Mutant Future Monster Lairs

Derek Holland

Monster lairs are usually not thought of much in monster design, and for good reasons. Many do not have lairs or use existing structures. But there are some that either create their own or alter an existing one so much that it is effectively new. Here are 5 monsters from the MF core book and what I consider typical lairs for each.

Fungoids already have a lair described, underground near pools of radioactive water. They use the water for their larvae. Okay, but not much to go on, so I considered some ideas and came up with a science experiment that children have done for decades, if not centuries. The waters are not only radioactive, they also react to the waste products of the tiny fungal critters by growing crystals. The longer the habitation, the larger the size of these yellow and purple crystals. Eventually the fungoids are forced to evacuate and seek the water elsewhere. Of course the crystals also displace the water, causing it to leak from the pools. In some cases it is nearby and thus the fungoids don't have to move far; in others it drains into the ground water and causes mutations deep in the soil and potentially many miles away after a few years. The crystals are useful to some android and robot communities as weak power sources that slowly release their energy over decades. The machines look to them for survival rather than advancement of their actions. Considering the number of power cells and power plants that are destroyed in the wastes each year, this is a farsighted strategy.
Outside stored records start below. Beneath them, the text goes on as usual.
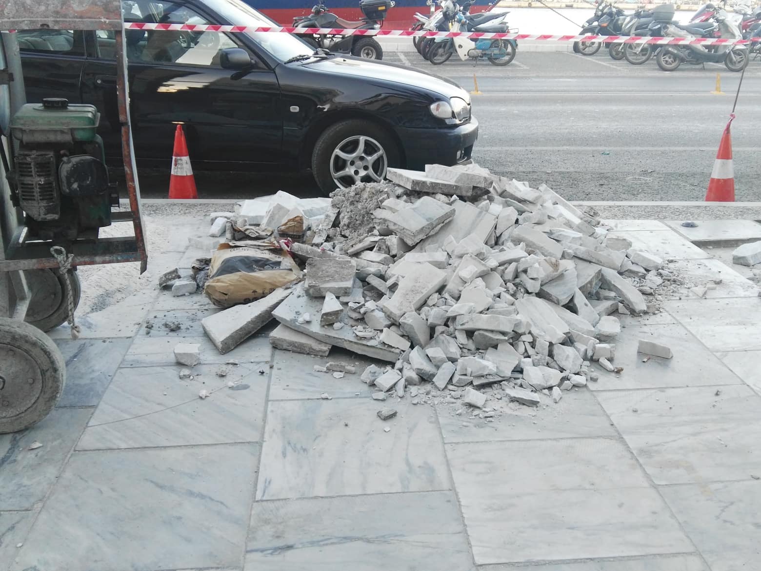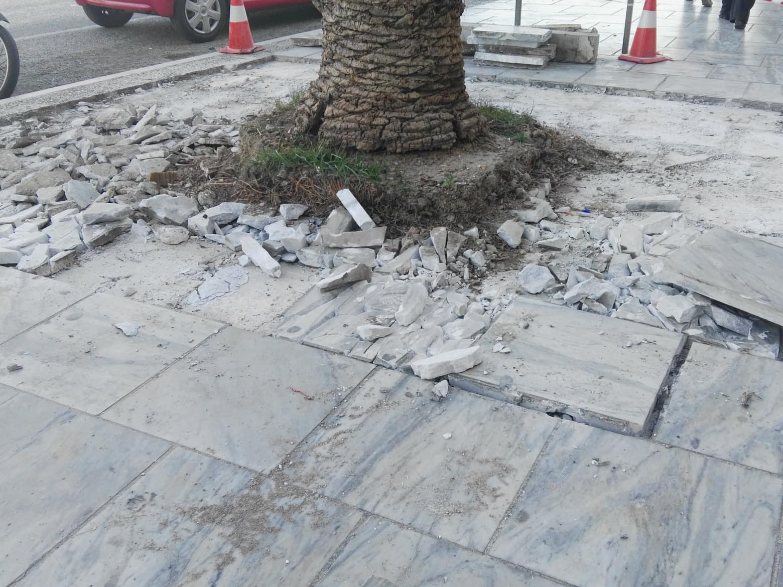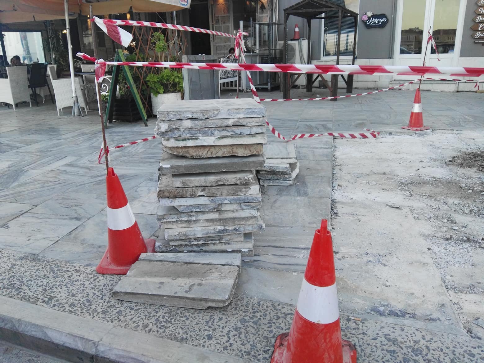 Στα συγκεκριμένα σημεία είχε “σπάσει” η μαρμάρινη πλακόστρωση, ενώ είχαν προκληθεί και ανομοιομορφίες, με αποτέλεσμα να είναι ορατός ο κίνδυνος περαιτέρω καταστροφής τους. Οι εργάτες αρχικά απομάκρυναν τις παλαιές πλάκες και αφού προχώρησαν στις κατάλληλες παρεμβάσεις, θα προβούν στην επανατοποθέτησή τους ή στην αντικατάστασή τους με νέες, ώστε η επιφάνεια που περπατούν οι πεζοί να ομαλοποιηθεί.
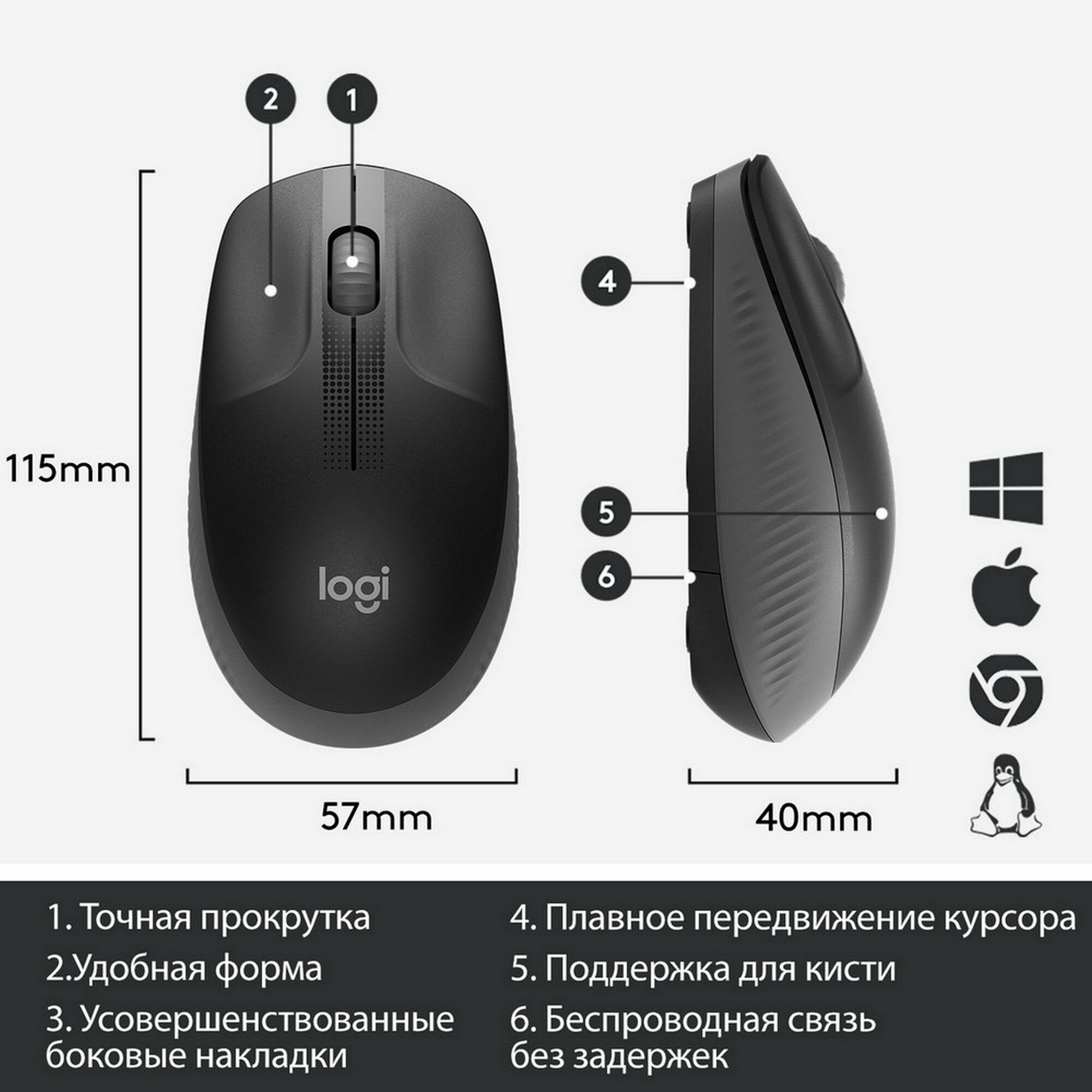 Ниже Вы можете прочитать отзывы на Беспроводная мышь Logitech M190, темно-серый, ознакомится с подробными характеристиками, посмотреть интересные обзоры и фотографии на Беспроводная мышь Logitech M190, темно-серый.
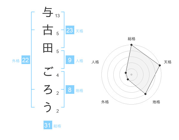 与古田 ごろうさんの天格は23画の5点!
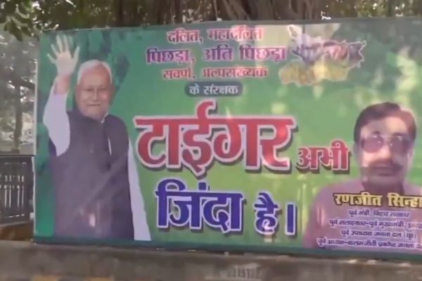 Patna : बिहार विधानसभा चुनाव में दो चरण की वोटिंग खत्म होने के बाद अब मतगणना का इंतजार है। 14 नवंबर को मतगणना होगी और दोपहर तक साफ हो जाएगा कि बिहार में अगली सरकार कौन बनाएगा और नया मुख्यमंत्री कौन होगा। मतगणनों से पहले ही दोनों प्रमुख गठबंधनों के बीच पोस्टर वॉर शुरू हो गया है। पटना की सड़कों पर जनता दल (यू) कार्यालय के बाहर CM नीतीश कुमार का बड़ा पोस्टर लगाया गया है, जिस पर लिखा है “टाइगर अभी जिंदा है।” यह पोस्टर पूर्व मंत्री रणजीत सिन्हा ने लगवाया है और इसमें नीतीश कुमार को दलित, पिछड़ा, अल्पसंख्यक और सवर्ण वर्गों का संरक्षक बताया गया है।
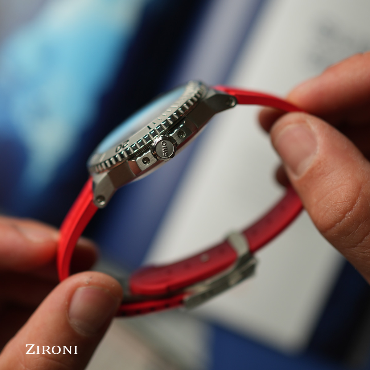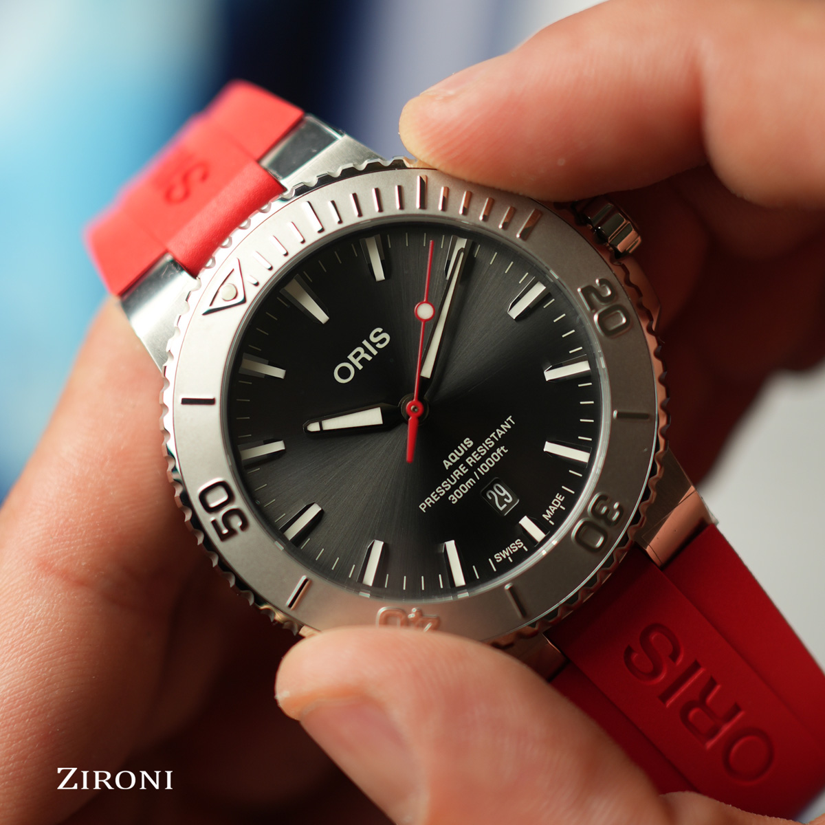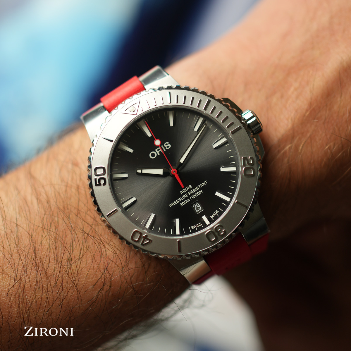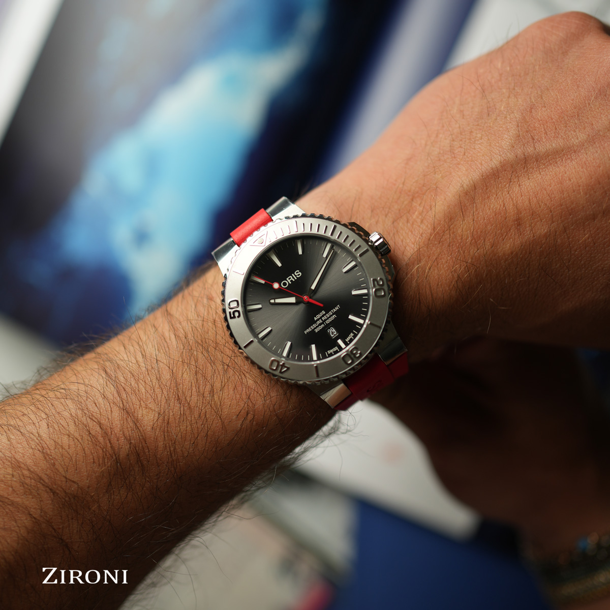 L'Aquis Date Relief, versione alternativa del nostro Aquis Date ultra versatile ad alte prestazioni. La sua particolarità è la scala dei minuti in rilievo sulla lunetta, che conferisce a questo modello una maggiore profondità. Da notare il quadrante grigio soleil in abbinamento con la lancetta dei secondi "lollipop" rossa, in esclusiva su questo modello.
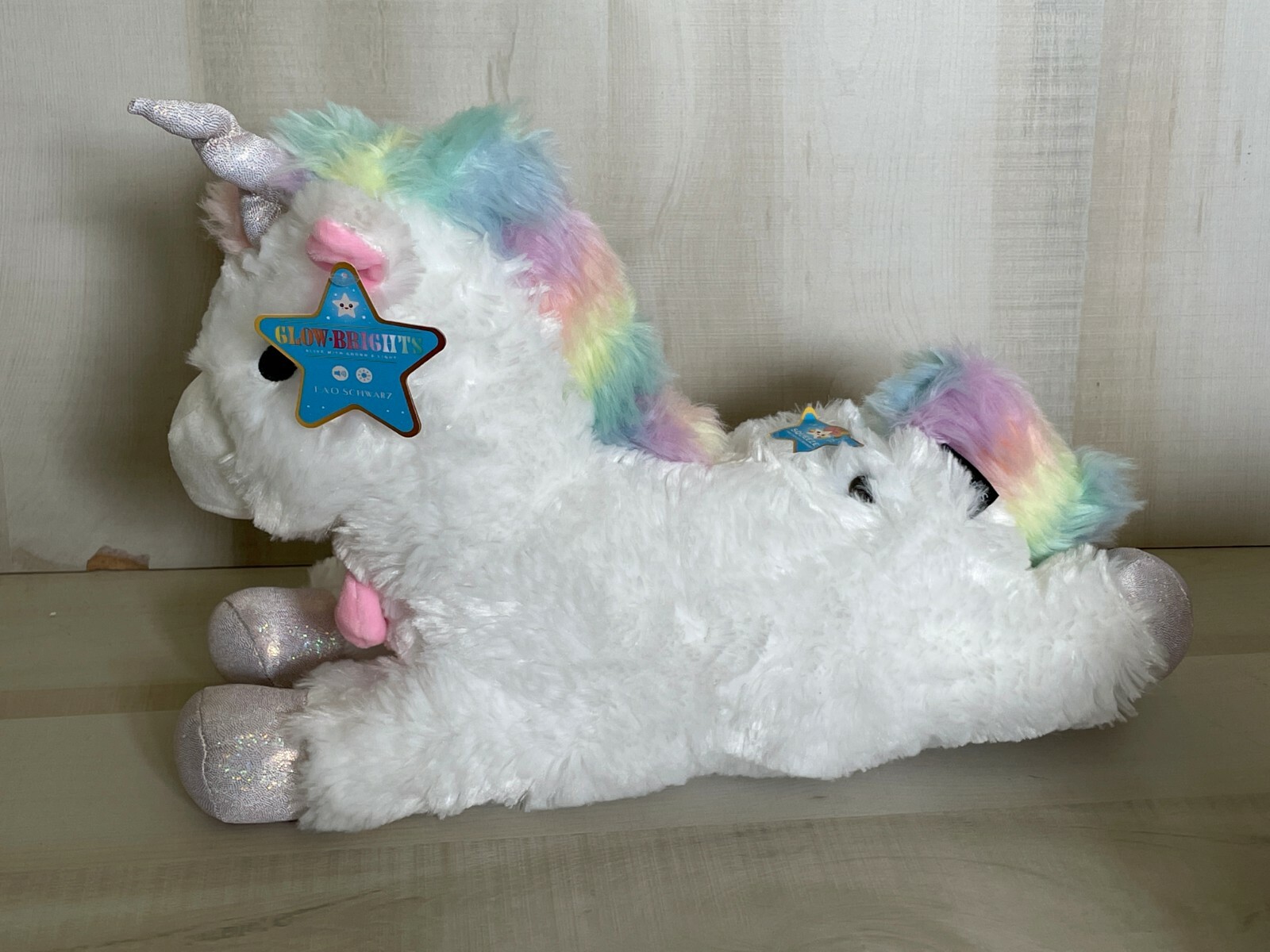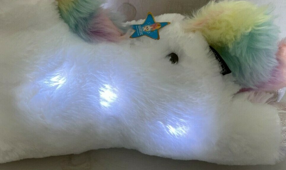 NWT FAO Schwarz 15 Unicorn Glow Brights Stuffed Animal w Sound Lights Squeeze

Kamatas have no listed habitat, much less lair. Considering their lack of hands and apparently poor digging skills, I ended up deciding they are like bower birds and take the lairs of others, be they caves or ruins. The kamatas have a constant electrical charge so they may seek rare metals and exotic matter that make this defense more useful as well as attract mates. Metals simply allow the creature to touch part of their lair and fry creatures in another. The matter could do just about anything, from blind to poison to animate and attack when exposed to the creature's innate charge. Of course the kamata may also be vulnerable to some of these traits.

Mants are intelligent ants with hands. They do have ant like hives but I want to make them different from giant ants and ant horrors. It isn't their mental mutations, but rather their insect ancestry that give them an advantage- sticky silk. They could use it in their hives to create both ways for them to walk on walls and ceilings as well as traps for intruders. The mants are intelligent enough to use technology and artifact enhanced traps are common enough to kill those foolish enough to seek the queen.

Pumpkin men could be the basis of a couple cliches as lairs- pumpkin patches and bone yards from the animals they slay. Eh. I also wanted to avoid the master plant using non-sapient slaves as they do not have mutations that jive with that theme. So I came up with treehouses made of vines. In the case of the typical temperate locations of MF campaigns, I would go with mutant grapevines, but just about any (including pumpkins) can work. Living in trees allow them some sense of security from ground based herbivores and allow them to rain death upon their foes. With a little luck and the right season, they may even use the leaves of the vines or trees as camoflauge.

Vomit flies usually do have lairs oddly (it is in their stat block), but I do not think they would have anything that is typical- just somewhere to rest protected from the elements. What they do have is a cold damage inflicting attack. Their lair will be very chilly and will have cold adapted species living in it. What I ended up with is mutant algae. The slime doesn't have a physical attack, usually, but seems to specialize more in mental mutations. They may end up slaying their hosts and slowly dying from the heat as the lair warms. In any case, they will provide an additional challenge for the PCs who explore the flies' home and see what loot they can find.